Many Aboriginal leaders couldn’t leave their communities to obtain a full-time MBA. Some also lacked the academic records required for admission and existing programs didn’t recognize the value of their life experience. Selman devised a solution: an EMBA designed for the needs and knowledge of Aboriginal leaders along with the companies, like Alcan, who worked with them.
Initially, there was skepticism that the program could draw enough applicants who were qualified. “It took me about eight years or so to convince the faculty that this idea was actually feasible,” says Selman, who had seen candidates without formal education succeed in other programs.
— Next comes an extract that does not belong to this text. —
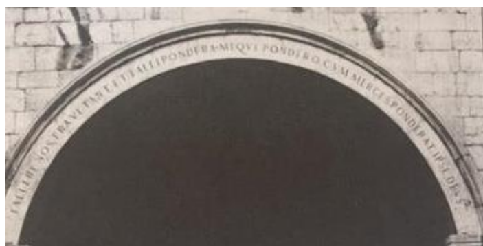
SLIKA 3 Natpis na zidu palače Sponza- Falletre nostra vetant et falli pondera meque pondero dum marces ponderat ipse Deus – Naši uetzi ne dopuštaju da varamo, niti da budeo prevareni, i dok ja važem robu, sam Bog važe mene

Trgovinom i pomorstvom sticali su Dubrovčani sredstva za svoj život i opstanak: politika Dubrovnika prema mnogim državama nužno je morala biti oportunistička, jer je malo koja država onoliko ovisila o stranom svijetu koliko Dubrovačka Republika. More je razvijalo u njima smijelost, ustrajnost i dalekovidnost, te su bili odvažni pomorci, dobro trgovci i spretni državnici. U borbi s orirodom i sa stranim svijetom Dubrovčani su ulagali sve svoje energije i pokazivali nevjerovatne društvene sposobnosti. U Republici je vladao red i javna sigurnost bila je zagantirana. Dubrovački arhiv nam pokazuje da nitko od Slovena, osim Čeha, nije imao toliko smisla za administraciju kao Dubrovnik. 2

But he did. The inaugural class began studies in September 2012, with courses delivered during short, intensive sessions in Vancouver followed by ongoing online interaction with professors and other students. In the spring of 2015, 17 of 23 students graduated; four more are nearly finished now. A second cohort is working its way through the program, with a third set to start this fall.
The program includes courses specifically focused on Aboriginal business issues. The rest of its curriculum looks like any other business program. But that’s not how it works in practice. “The course actually goes really differently because students bring so much experience and so much information,” says Selman. “Even the courses that look like marketing or accounting or strategy take on a very distinctive flavour.”
David Jimmie became chief of Squiala First Nation near Chilliwack, B.C., in 2010. At 32, he’d already run his own construction company for seven years but his new role meant new challenges. He sought the skills to participate in high-level business meetings. “I really wanted to further my education and be a little better equipped,” says Jimmie, who graduated in the first cohort in 2015. The unique nature of the EMBA allowed students to focus on retaining First Nations culture and traditions within a business environment, says Jimmie, who also serves as CEO.
Fellow student Sheryl Fisher-Rivers says that intersection of culture and business was a major draw. She had just been accepted to Harvard Business School when she noticed an ad for Beedie’s program on public transit in Vancouver. It was a tough decision to drop Harvard — she’d spent three years working on the sky-high GMAT score that got her in — but the opportunity to take part in a new program with an Aboriginal focus was irresistible. “I have no regrets about it,” says Fisher-Rivers.
She says while professors taught students the nitty gritty of business — marketing, accounting, financial management — it was the students who schooled faculty on Aboriginal culture and history. “It was reciprocal with professors,” says Fisher-Rivers. Traditional values were recognized and “married in” with mainstream business practice. “We made it into a unique program.”
Since graduation, Fisher-Rivers says, her consulting business has taken off. And the program has helped raise awareness of First Nations’ roles in the economy. “Aboriginal business is not just selling arts and crafts,” says Fisher-Rivers. “There’s many successful First Nations communities that are now thriving in big ventures. We are participating in the industry.”